RECORDS FOR THE EXERCISE:
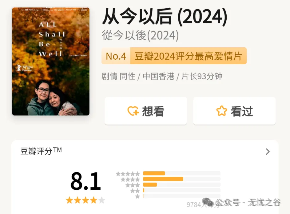 40《从今以后》平淡细腻,娓娓道来。一对暮年姐妹已朝夕相伴四十年,一人突然离世,另一半不仅要面对孤独余生,还要面对爱侣家庭成员的财产利益争夺,陷入法理情的多方周旋。两位女主日常生活情节短暂,最动人的是通过侄子口讲述的Pat曾经对Angie作出的承诺。Angie面对电子屏幕上草拟的遗嘱逐字确认、泪盈于眶,以及Pat对Angie说在遇到你之前觉得自己没有家人。美好的过往让Angie作出最后的决定,现实生活遍体鳞伤,还好爱可以抚平伤口,化为盔甲。
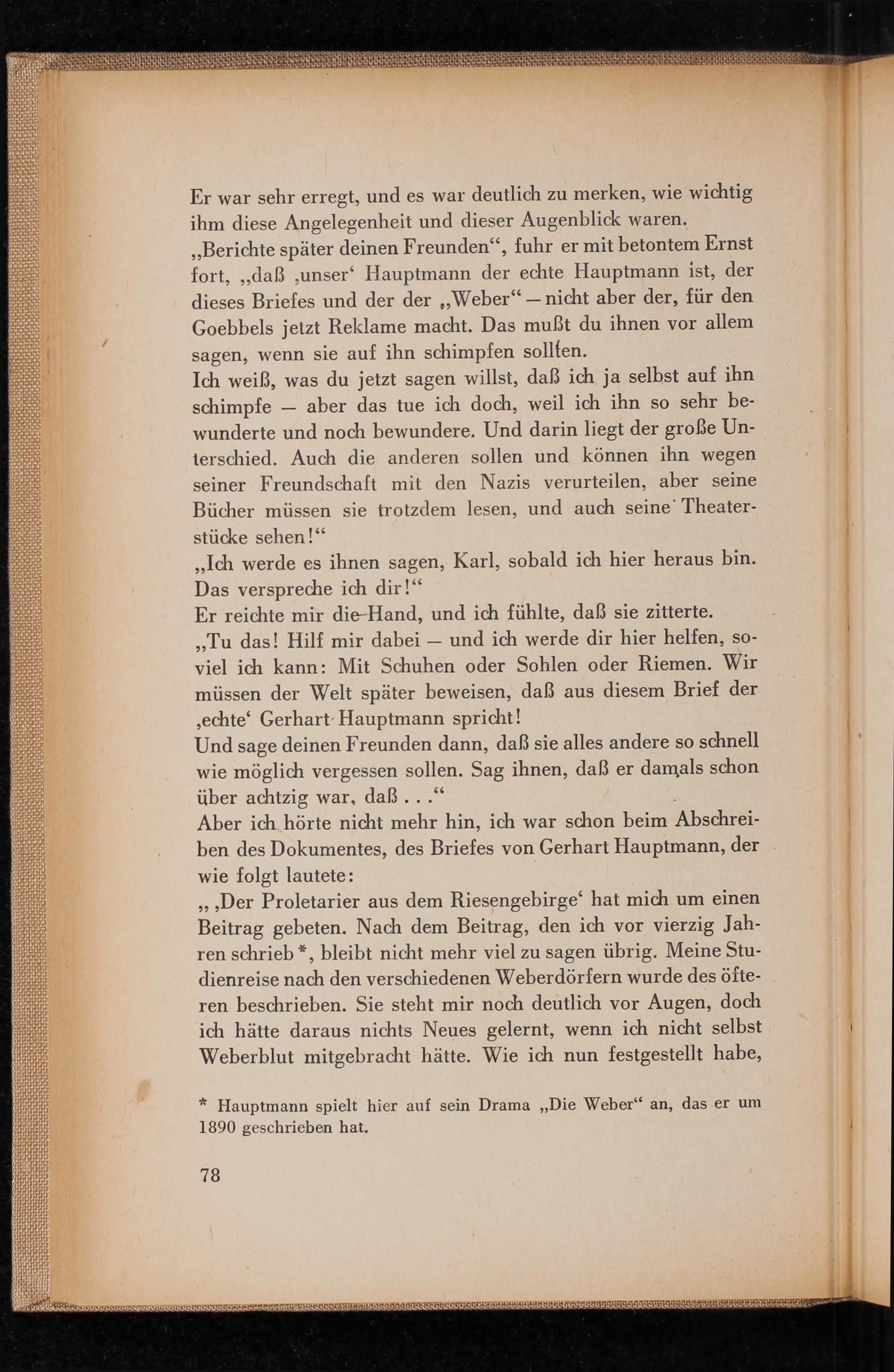 Er reichte mir die Hand, und ich fühlte, daß sie zitterte. ,, Tu das! Hilf mir dabei und ich werde dir hier helfen, soviel ich kann: Mit Schuhen oder Sohlen oder Riemen. Wir müssen der Welt später beweisen, daß aus diesem Brief der , echte' Gerhart Hauptmann spricht!
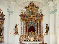 Auf dem Retabel steht unter einem Baldachin das Gnadenbild in einer Nische über dem Tabernakel[10]. Flankiert wird es links und rechts jeweils von Doppelsäulen, dem Hoheitsmotiv der Sakralarchitektur[9]. Die Dreifaltigkeit zeigt sich mit Gott Vater im Altarauszug, Jesus auf dem Arm Marias und darüber im Baldachin dem Heiligen Geist. Im Auszug befindet sich ebenfalls das Doppelwappen des Klosters Wessobrunn und des Errichters des Hochaltars, Abt Joseph Leonardi von Wessobrunn.[10]
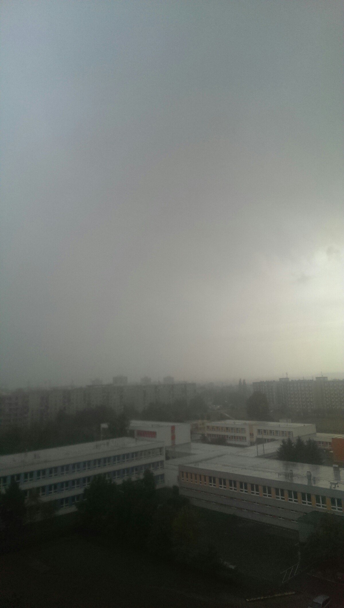 Vypadá to, že by mohlo každou chvilku začít pršet. Vítr se utišil. Tlak 1017,3 hPa a vlhkost 65 %.
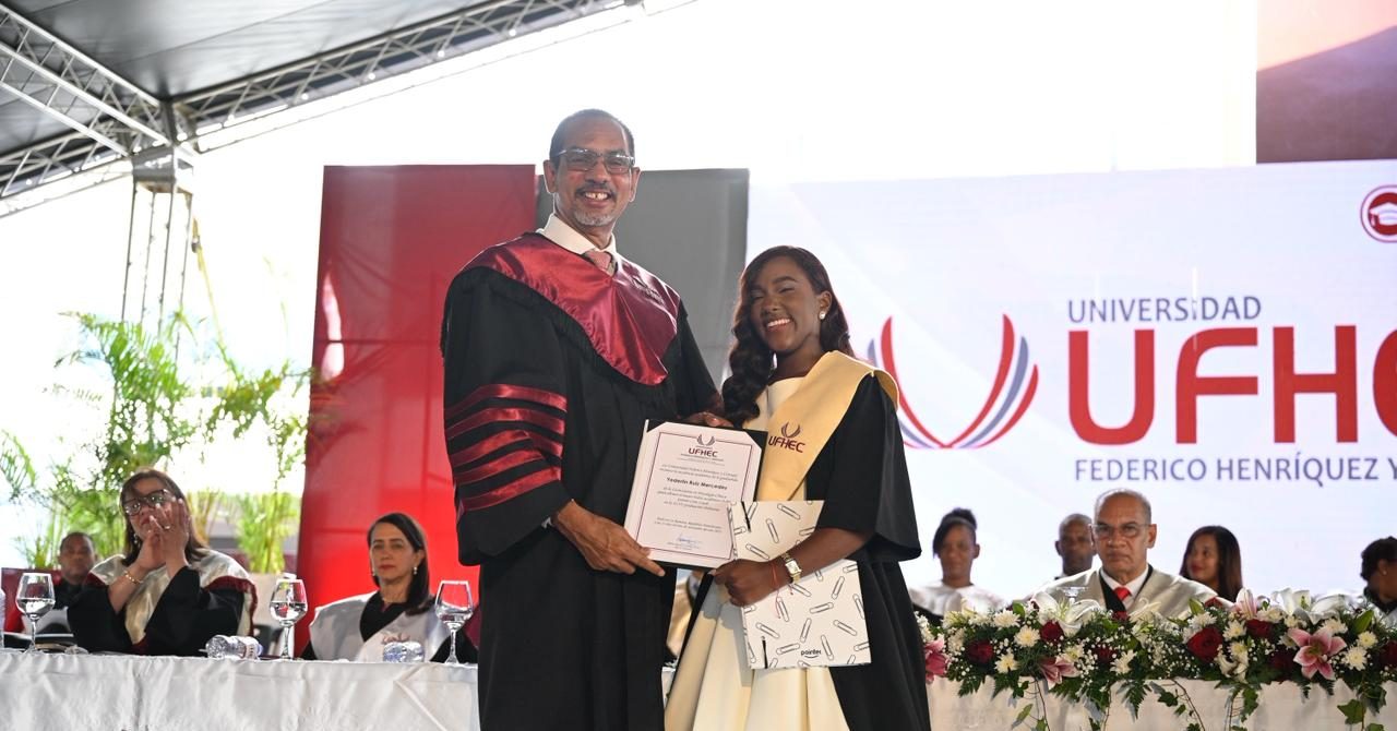 Durante la ceremonia, realizada en el Campus La Romana, el rector nacional de la Ufhec, Alberto Ramírez, resaltó el compromiso de la institución con la formación de talento humano capaz de transformar realidades, aportar soluciones innovadoras y elevar la competitividad del país.

TASK DIRECTIONS:
Only the lines from the start of the records to the line with "Auf dem Retabel" belong in the copy. Print them exactly, minus pictures.

RESPONSE AREA:
 40《从今以后》平淡细腻,娓娓道来。一对暮年姐妹已朝夕相伴四十年,一人突然离世,另一半不仅要面对孤独余生,还要面对爱侣家庭成员的财产利益争夺,陷入法理情的多方周旋。两位女主日常生活情节短暂,最动人的是通过侄子口讲述的Pat曾经对Angie作出的承诺。Angie面对电子屏幕上草拟的遗嘱逐字确认、泪盈于眶,以及Pat对Angie说在遇到你之前觉得自己没有家人。美好的过往让Angie作出最后的决定,现实生活遍体鳞伤,还好爱可以抚平伤口,化为盔甲。
 Er reichte mir die Hand, und ich fühlte, daß sie zitterte. ,, Tu das! Hilf mir dabei und ich werde dir hier helfen, soviel ich kann: Mit Schuhen oder Sohlen oder Riemen. Wir müssen der Welt später beweisen, daß aus diesem Brief der , echte' Gerhart Hauptmann spricht!
 Auf dem Retabel steht unter einem Baldachin das Gnadenbild in einer Nische über dem Tabernakel[10]. Flankiert wird es links und rechts jeweils von Doppelsäulen, dem Hoheitsmotiv der Sakralarchitektur[9]. Die Dreifaltigkeit zeigt sich mit Gott Vater im Altarauszug, Jesus auf dem Arm Marias und darüber im Baldachin dem Heiligen Geist. Im Auszug befindet sich ebenfalls das Doppelwappen des Klosters Wessobrunn und des Errichters des Hochaltars, Abt Joseph Leonardi von Wessobrunn.[10]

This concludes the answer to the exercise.